→ Instructions to follow: Restate word for word the lines below from the one that has "桂富強對陳建軍副市長一行表示" through the one that has "Legacy Kosa Pallu", keeping both and dropping all pictures.

→ Records for the task:
....
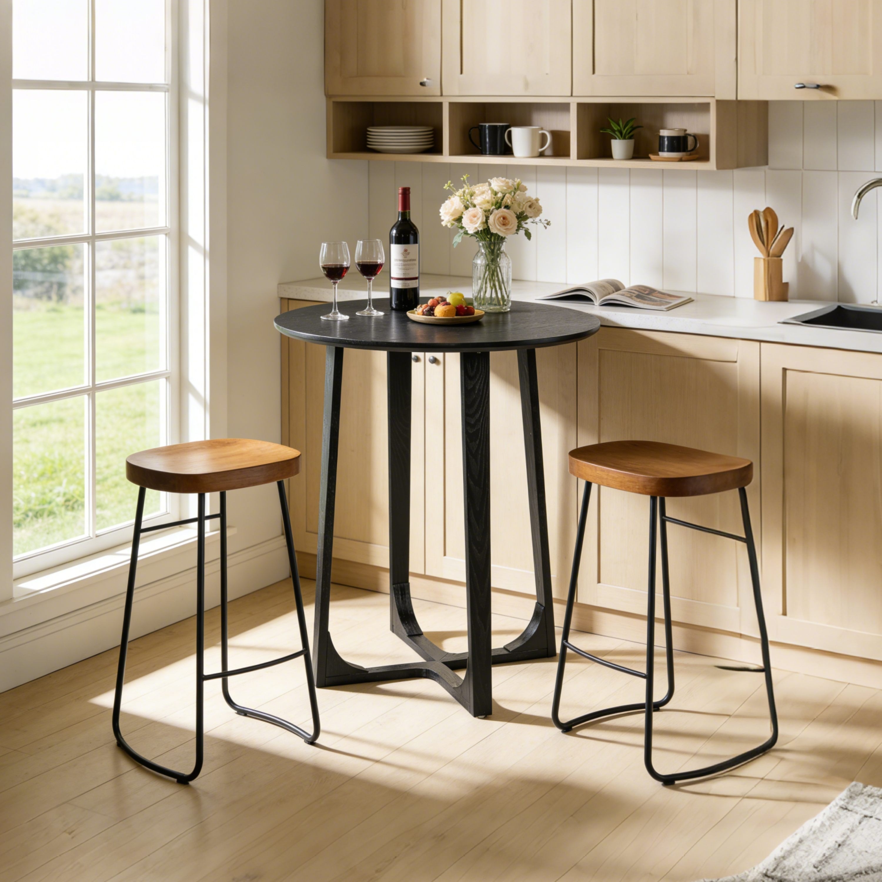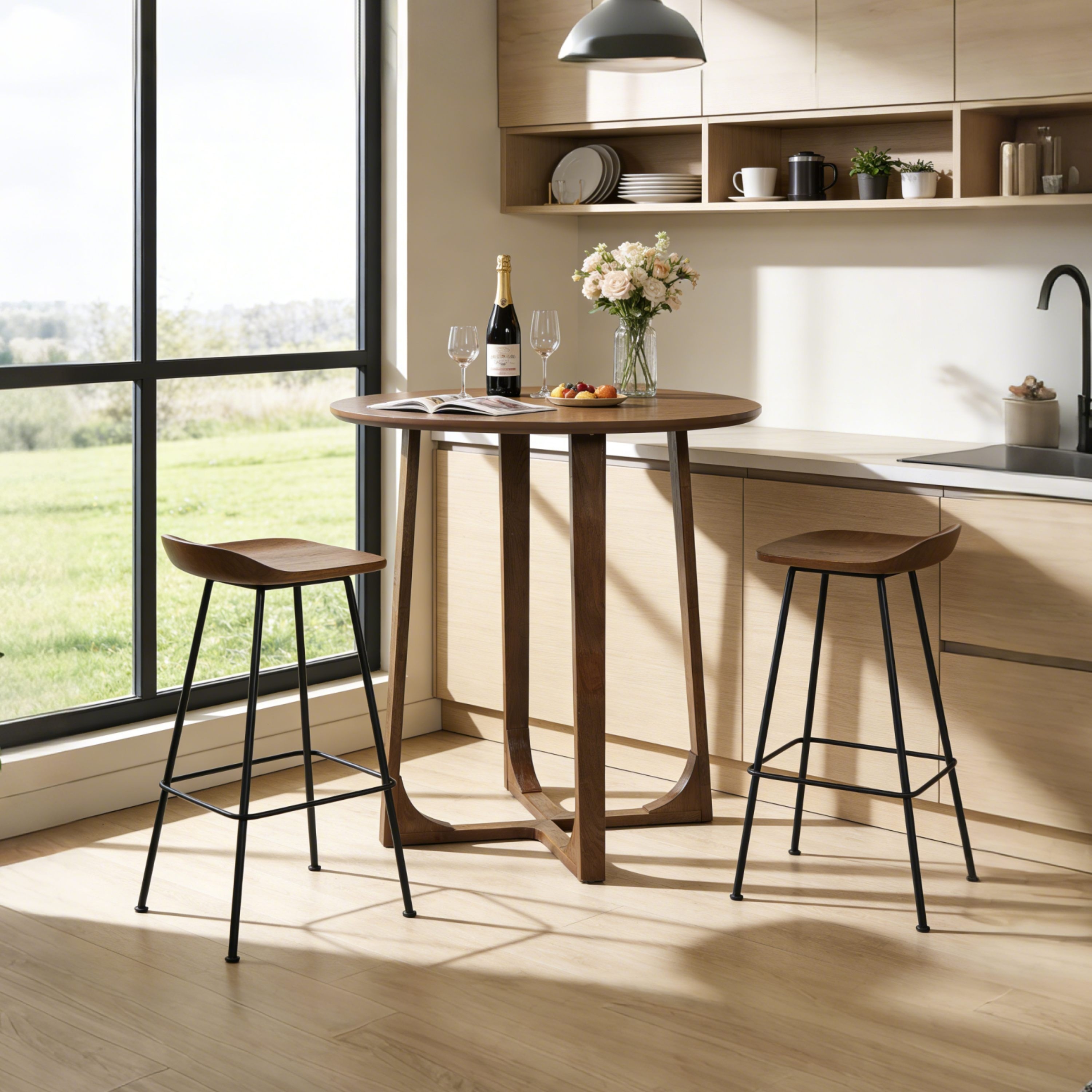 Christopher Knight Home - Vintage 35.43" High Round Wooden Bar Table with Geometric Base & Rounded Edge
....
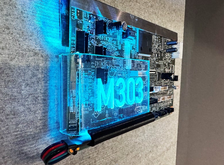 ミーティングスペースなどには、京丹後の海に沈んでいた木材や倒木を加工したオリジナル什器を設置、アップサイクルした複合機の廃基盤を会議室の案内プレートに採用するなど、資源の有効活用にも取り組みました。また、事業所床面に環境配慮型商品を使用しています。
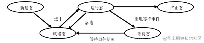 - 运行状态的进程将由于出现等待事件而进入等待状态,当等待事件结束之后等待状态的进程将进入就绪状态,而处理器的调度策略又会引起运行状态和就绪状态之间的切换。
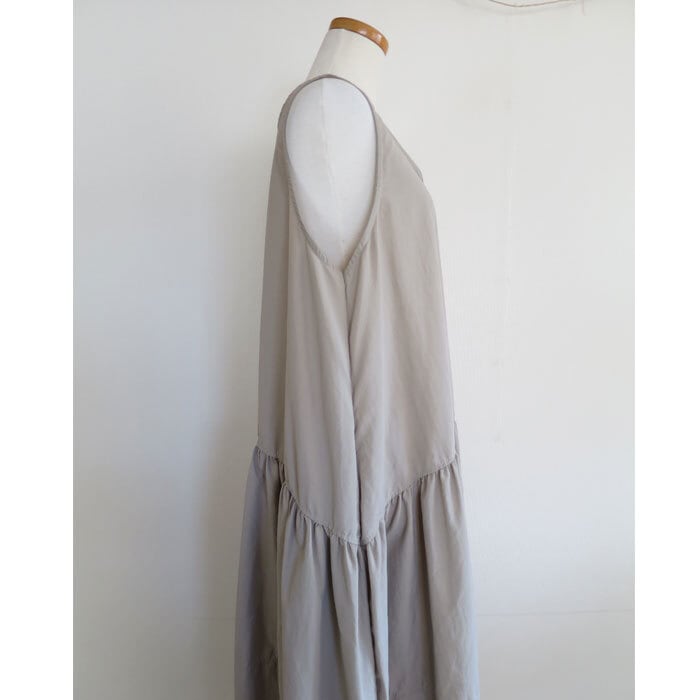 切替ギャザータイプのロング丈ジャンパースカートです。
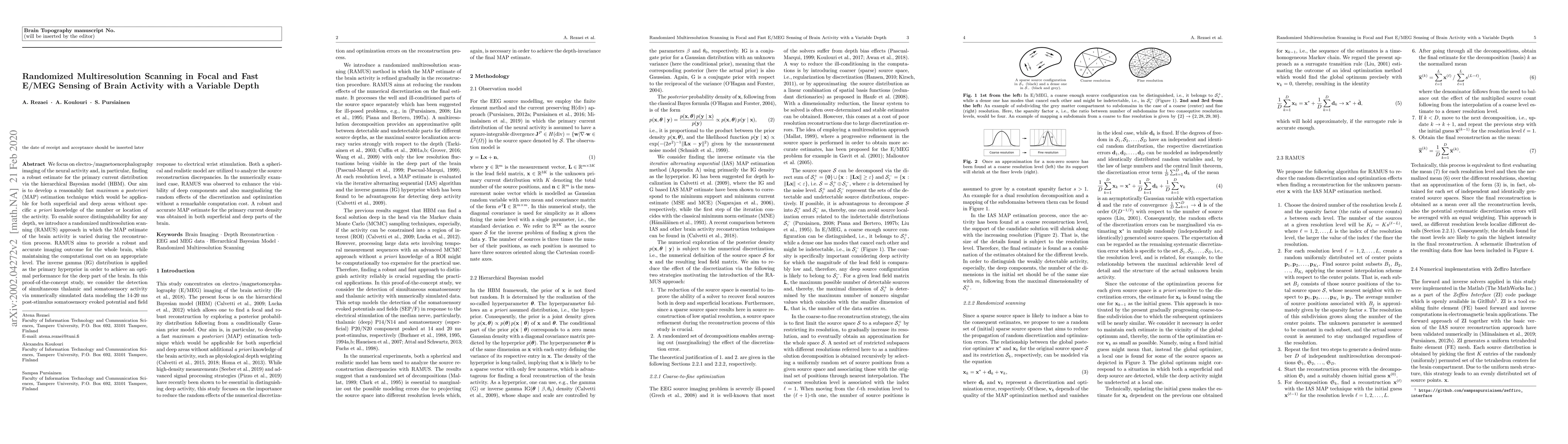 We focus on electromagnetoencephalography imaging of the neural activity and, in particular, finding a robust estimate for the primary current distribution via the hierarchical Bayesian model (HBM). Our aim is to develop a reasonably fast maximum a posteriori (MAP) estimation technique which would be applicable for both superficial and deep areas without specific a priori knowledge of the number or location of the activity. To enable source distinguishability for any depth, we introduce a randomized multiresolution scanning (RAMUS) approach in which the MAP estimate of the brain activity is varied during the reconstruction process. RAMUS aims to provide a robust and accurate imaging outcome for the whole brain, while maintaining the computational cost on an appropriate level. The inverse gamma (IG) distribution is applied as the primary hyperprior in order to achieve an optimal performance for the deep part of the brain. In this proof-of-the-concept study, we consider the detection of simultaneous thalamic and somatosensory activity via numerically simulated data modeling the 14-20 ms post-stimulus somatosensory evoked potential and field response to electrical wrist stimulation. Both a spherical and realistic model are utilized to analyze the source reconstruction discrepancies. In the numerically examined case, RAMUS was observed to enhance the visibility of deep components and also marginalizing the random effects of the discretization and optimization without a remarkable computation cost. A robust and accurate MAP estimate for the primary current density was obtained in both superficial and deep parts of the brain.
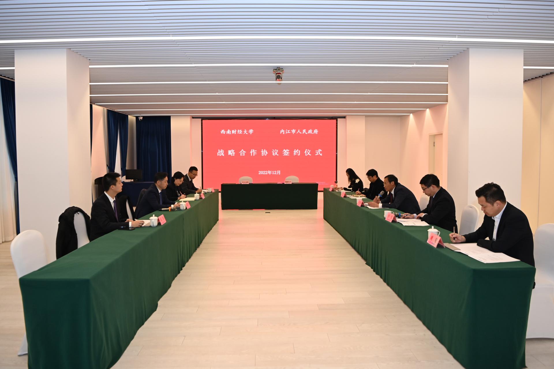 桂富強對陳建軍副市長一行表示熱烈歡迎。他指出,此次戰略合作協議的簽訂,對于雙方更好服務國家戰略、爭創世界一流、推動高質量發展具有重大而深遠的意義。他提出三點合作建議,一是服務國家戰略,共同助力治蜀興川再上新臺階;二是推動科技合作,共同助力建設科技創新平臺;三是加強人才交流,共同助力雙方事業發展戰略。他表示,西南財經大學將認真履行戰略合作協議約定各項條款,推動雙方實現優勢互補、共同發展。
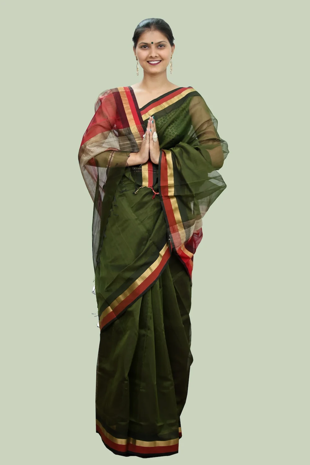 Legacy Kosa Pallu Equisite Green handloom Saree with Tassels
....
→ Exercise result:
 桂富強對陳建軍副市長一行表示熱烈歡迎。他指出,此次戰略合作協議的簽訂,對于雙方更好服務國家戰略、爭創世界一流、推動高質量發展具有重大而深遠的意義。他提出三點合作建議,一是服務國家戰略,共同助力治蜀興川再上新臺階;二是推動科技合作,共同助力建設科技創新平臺;三是加強人才交流,共同助力雙方事業發展戰略。他表示,西南財經大學將認真履行戰略合作協議約定各項條款,推動雙方實現優勢互補、共同發展。
 Legacy Kosa Pallu Equisite Green handloom Saree with Tassels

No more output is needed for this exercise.